Protein samples were collected and boiled in a loading buffer for 10 min at 100˚C. The protein concentration was detected using a BCA protein assay kit (Thermo Fisher Scientific, Inc.). Equal amounts of protein (20 µg) were electrophoretically separated using 10% SDS-PAGE and transferred to a PVDF membrane (MilliporeSigma). The PVDF membrane was then incubated in blocking solution (cat. no. P0205; Beyotime Institute of Biotechnology) at room temperature for 1 h. Subsequently, the membrane was incubated with primary antibodies at 4˚C overnight, followed by the horseradish peroxidase-conjugated goat anti-mouse antibody (cat. no. STAR207P;) or goat anti-rabbit antibody (cat. no. STAR208P; both 1:10,000 dilution; Bio-Rad Laboratories, Inc.) at room temperature for 2 h. The bands were visualized using chemiluminescence detection reagents (MilliporeSigma) according to the manufacturer's protocol. The following primary antibodies were used: Gβ (1:1,000; cat. no. sc-166123), Gβ1 (1:1,000; cat. no. sc-515764; both from Santa Cruz Biotechnology, Inc.), ATP1A1 (1:3,000; cat. no. 14418-1-AP; ProteinTech Group, Inc.), GRK2 (1:1,000; cat. no. sc-13143; Santa Cruz Biotechnology, Inc.), GRK2 (1:1,000; cat. no. ab228705; Abcam), EP4 (1:1,000; cat. no. sc-55596), β-arrestin2 (1:1,000; cat. no. sc-13140; both from Santa Cruz Biotechnology, Inc.), β-actin (1:5,000; cat. no. 60008-1-Ig) and GAPDH (1:5,000; cat. no. 60004-1-Ig; both from ProteinTech Group, Inc.). The protein bands were visualized using an enhanced chemiluminescence detection system and quantified using ImageJ software (version 1.46; National Institutes of Health).

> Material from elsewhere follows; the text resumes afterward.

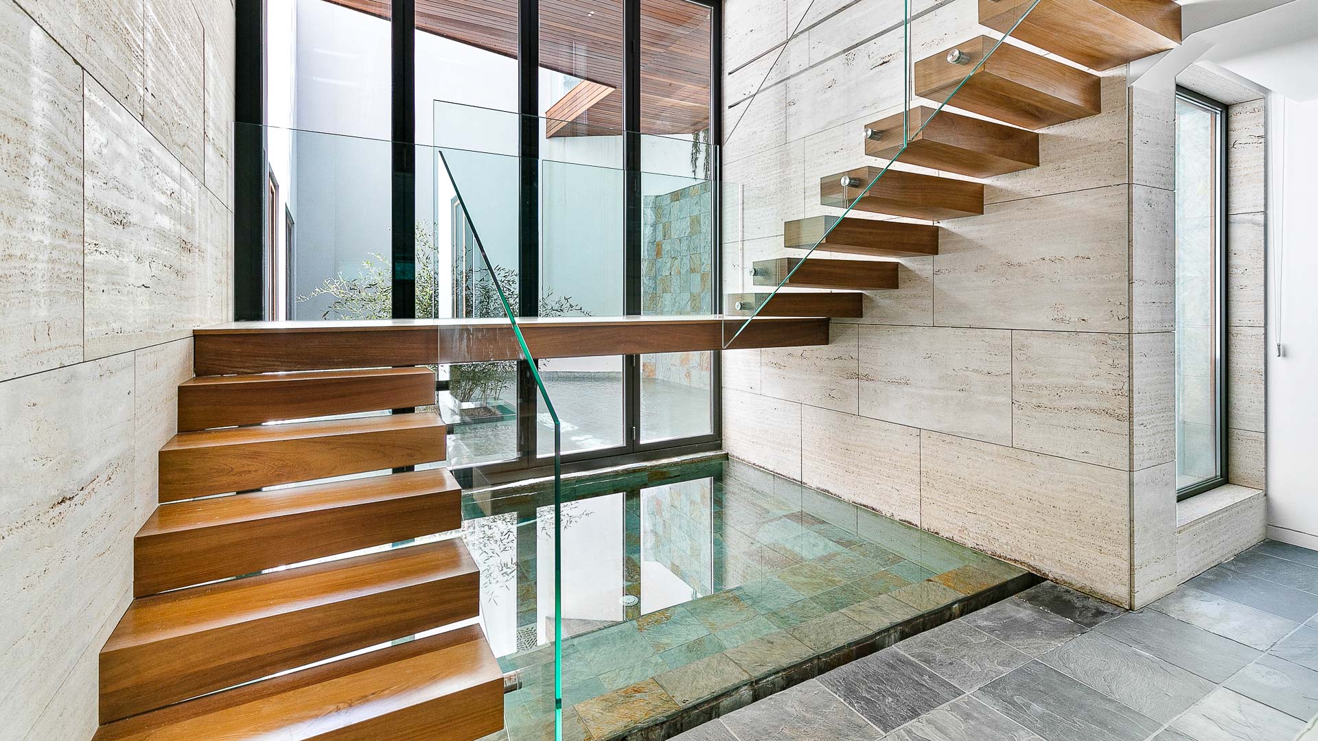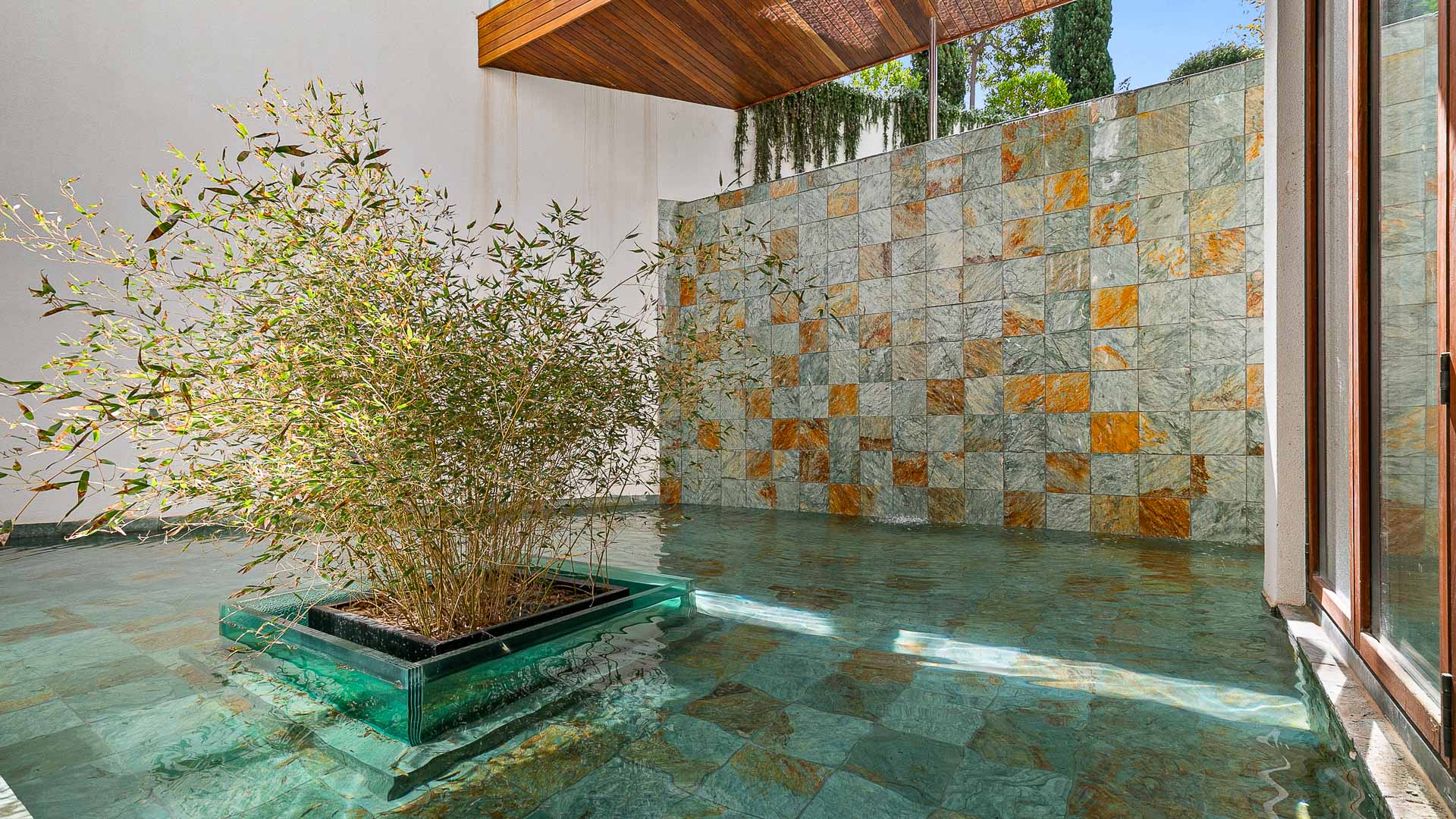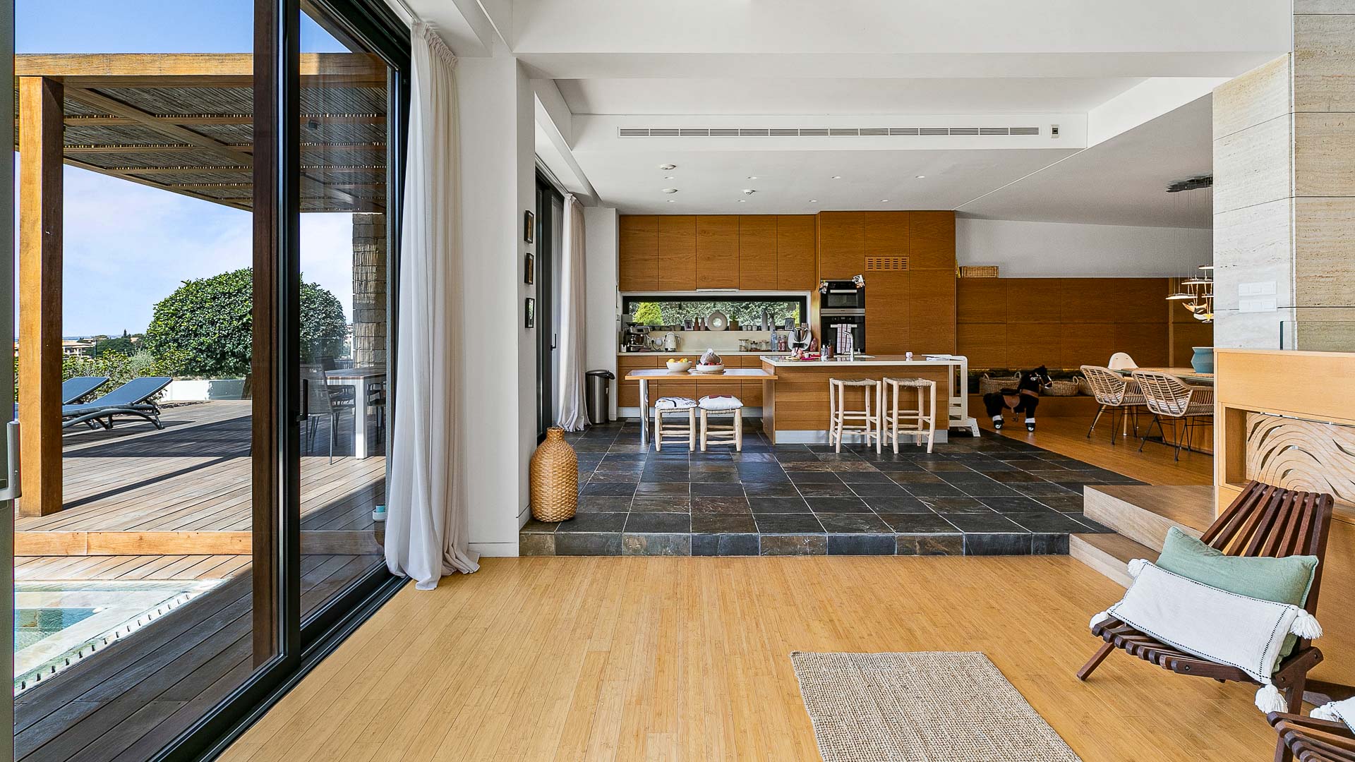 Bedrooms: 4 / Bathrooms: 4 / Plus independent apartment / Total Living Area: 451 sq. m. / Indoor: 414 sq. m. / Covered Verandahs : 37 sq. m. / Uncovered Verandahs: 142 sq. m. / Parking area: 77 sq. m/ Plot: 1343 sq. m. / 8 Separate water features including 20m lap pool passing under a glass bridge

Coimmunoprecipitation (Co-IP) assay

To examine the association between GRK2 and Gβ in the synovial tissue or in FLS, the tissue or cell lysate was immunoprecipitated using an anti-GRK2, anti-EP4 or anti-Gβ antibody and analyzed using western blot analysis. Briefly, the sample was precleared for 2 h at 4˚C with 20 µl of protein A + G agarose beads and subsequently incubated with 4 µl primary antibody for 2 h at 4˚C. Then the precleared lysates were associated with 20 µl of protein A + G agarose beads and the primary antibody and incubated overnight at 4˚C on the rotation shaker. Tubes were then centrifuged at 14,000 x g for 5 sec at 4˚C. The pellets were washed with lysis buffer for 10 min. The resin-bound immune complexes were boiled and the following steps were according to the western blot protocol.

Reverse transcription-quantitative PCR (RT-qPCR)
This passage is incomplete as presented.